Funded by the U-M Endowment for the Basic Sciences and the Office of the Dean, the center is already serving as a hub for several dozen researchers from numerous disciplines, departments and schools across the University. "With this type of systems biology approach, no one can investigate these complex interactions alone; no one lab can do everything, and so we have a lot of collaborations already underway with different departments within the Medical School, the College of Engineering, the School of Kinesiology and with the Center for Computational Medicine and Biology," says Dr. Burant.

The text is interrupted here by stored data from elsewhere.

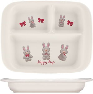 プレートうさぎ/-/XP7AG-A・Color:うさぎStyle:プレート・サイズ:幅23.5×奥行18.6×高さ2.9cm・小・中・大に分かれた仕切り付きランチ皿/小80ml・中110ml・大280ml・材質:プラスチック(ポリプロ...
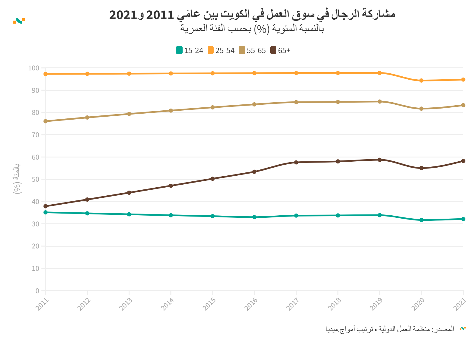 مشاركة الرجال في سوق العمل في الكويت بين عامَي 2011 و2021
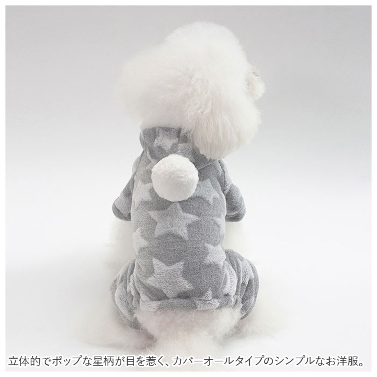 ・立体的でポップな星柄が目を惹く、カバーオールタイプのシンプルなお洋服。

One such multidisciplinary collaboration includes research into the role of different types of lipids in the development of diabetes. Dr. Burant and colleagues are discovering that animals fed a diet with fat from lard develop diabetes within three weeks; animals fed an identical diet, only with fat from soy, never develop the disease. "If we can understand why and the pathways involved," he says, "we might be able to understand the pathways in humans and why certain individuals get diabetes and others don't."

Laboratory mice help scientists study metabolism and obesity.

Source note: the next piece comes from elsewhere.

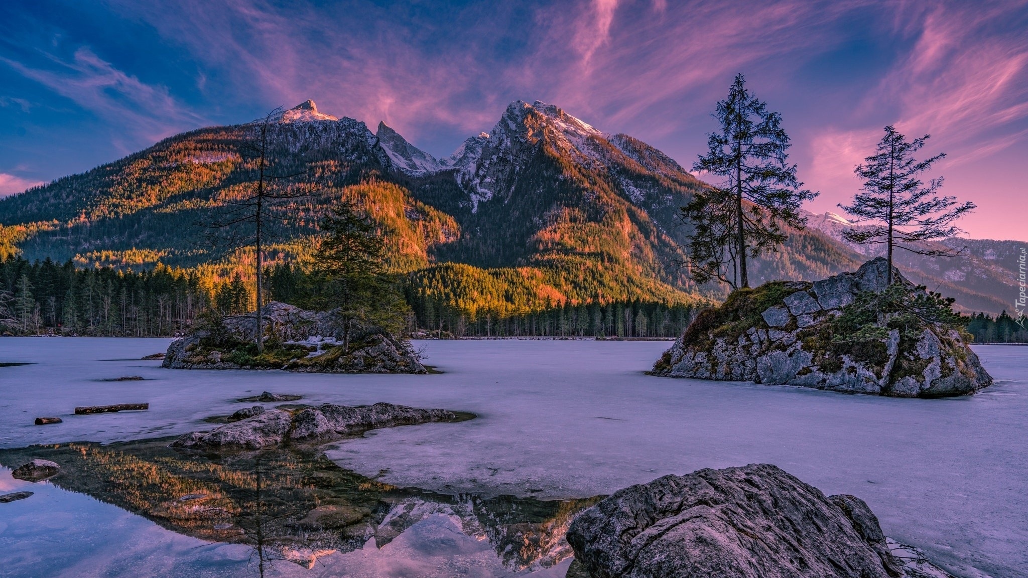 Edytor tapety: Zamarznięte jezioro Hintersee w Bawarii

Through the center, Dr. Burant and other researchers also are exploring why people who have the hepatitis C virus (HCV) with fatty liver disease have higher levels of the virus in their blood-as well as a higher risk of developing diabetes. The team undertook a study involving gene transcription and metabolomic analyses and found that people with HCV have a different type of fat in the liver than those who are overweight, and that cure rates among HCV patients with fatty liver disease are lower. Dr. Burant says the team has likely found one of the main pathways involved and is now planning tests for the effects of different diets on viral levels in patients.

The center's work is supported by an infrastructure that allows for coordinated and complex analyses through several laboratories: an animal phenotyping core; a human phenotyping core and a metabolomics core. To date, much of the research at the center has been experimental, but investigators are recruiting for clinical studies. And plans are underway for a new investigational weight management clinic, which would put several of the tools developed by center members to use in personalized interventions for patients. Interventions would be based not only on what patients like to eat, but how they eat-when they crave certain foods, how much and when they tend to eat. The goal is to design individual programs to allow people to lose weight and, more importantly, to maintain the loss in order to improve health.